Task description:
Only one span is wanted from the lines below: from the one with "Black and white" up to and including the one with "Il Petrarca con". Copy it exactly, without images.

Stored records
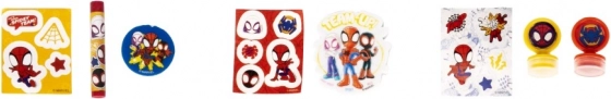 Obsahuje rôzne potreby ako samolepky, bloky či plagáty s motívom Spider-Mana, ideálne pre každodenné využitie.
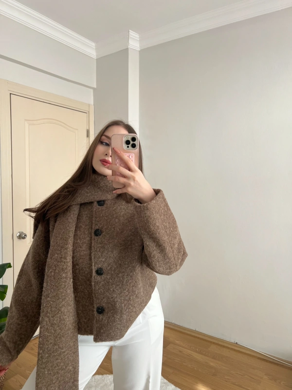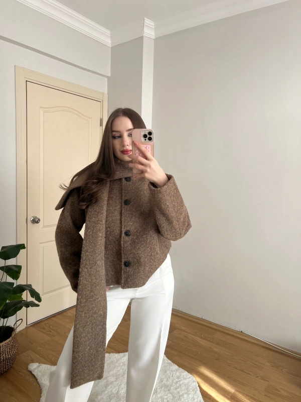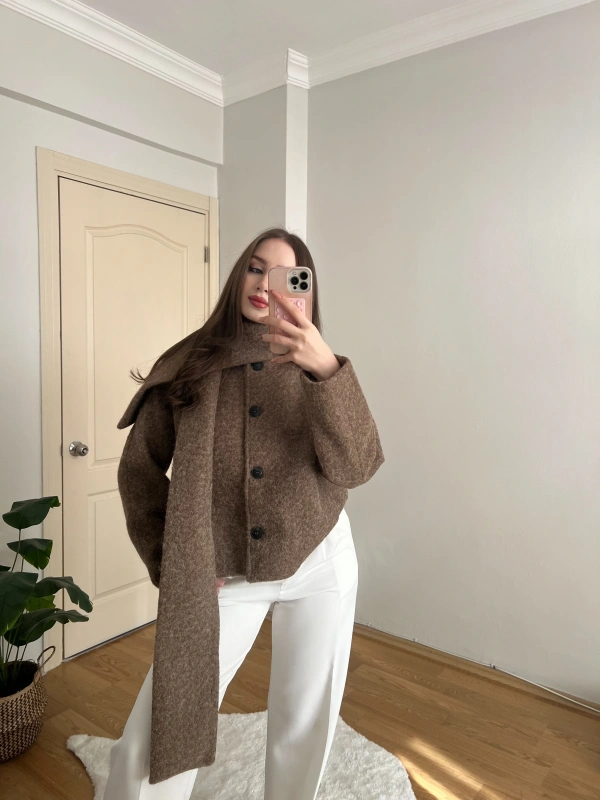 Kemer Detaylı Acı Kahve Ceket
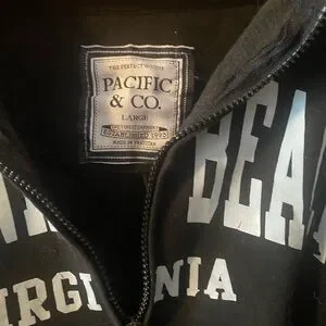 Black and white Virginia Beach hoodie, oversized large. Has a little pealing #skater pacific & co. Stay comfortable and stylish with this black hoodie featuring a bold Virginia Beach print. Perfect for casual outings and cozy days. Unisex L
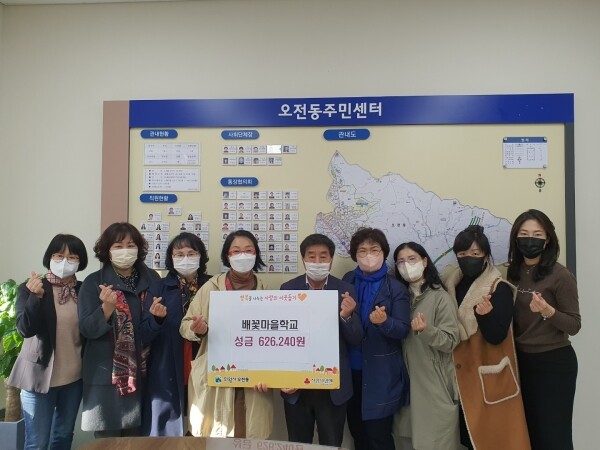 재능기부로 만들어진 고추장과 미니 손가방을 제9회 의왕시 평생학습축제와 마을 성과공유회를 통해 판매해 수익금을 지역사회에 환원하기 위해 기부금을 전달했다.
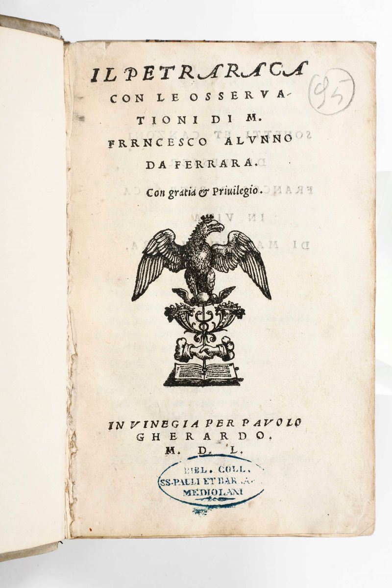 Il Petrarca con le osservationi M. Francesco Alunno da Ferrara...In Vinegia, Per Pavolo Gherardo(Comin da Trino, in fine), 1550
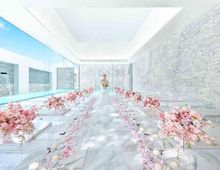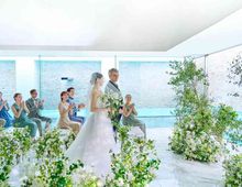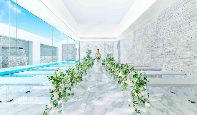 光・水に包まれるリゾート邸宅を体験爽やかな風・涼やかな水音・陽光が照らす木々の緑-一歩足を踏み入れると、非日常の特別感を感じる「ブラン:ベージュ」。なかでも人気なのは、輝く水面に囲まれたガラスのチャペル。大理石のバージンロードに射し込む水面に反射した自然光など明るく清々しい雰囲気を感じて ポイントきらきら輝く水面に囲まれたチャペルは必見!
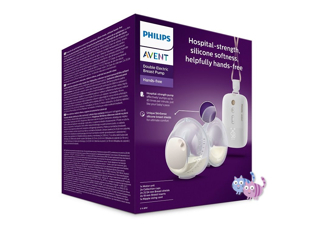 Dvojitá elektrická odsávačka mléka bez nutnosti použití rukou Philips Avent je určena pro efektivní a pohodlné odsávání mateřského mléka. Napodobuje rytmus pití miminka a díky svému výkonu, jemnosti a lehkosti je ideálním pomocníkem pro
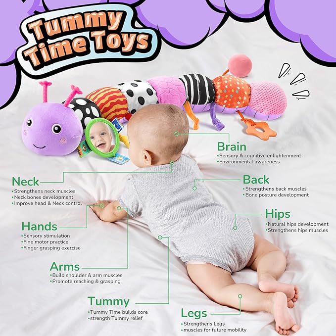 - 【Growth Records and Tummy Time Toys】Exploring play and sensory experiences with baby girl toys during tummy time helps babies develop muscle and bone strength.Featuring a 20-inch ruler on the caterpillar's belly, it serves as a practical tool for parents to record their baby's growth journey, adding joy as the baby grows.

Result of the task:
 Black and white Virginia Beach hoodie, oversized large. Has a little pealing #skater pacific & co. Stay comfortable and stylish with this black hoodie featuring a bold Virginia Beach print. Perfect for casual outings and cozy days. Unisex L
 재능기부로 만들어진 고추장과 미니 손가방을 제9회 의왕시 평생학습축제와 마을 성과공유회를 통해 판매해 수익금을 지역사회에 환원하기 위해 기부금을 전달했다.
 Il Petrarca con le osservationi M. Francesco Alunno da Ferrara...In Vinegia, Per Pavolo Gherardo(Comin da Trino, in fine), 1550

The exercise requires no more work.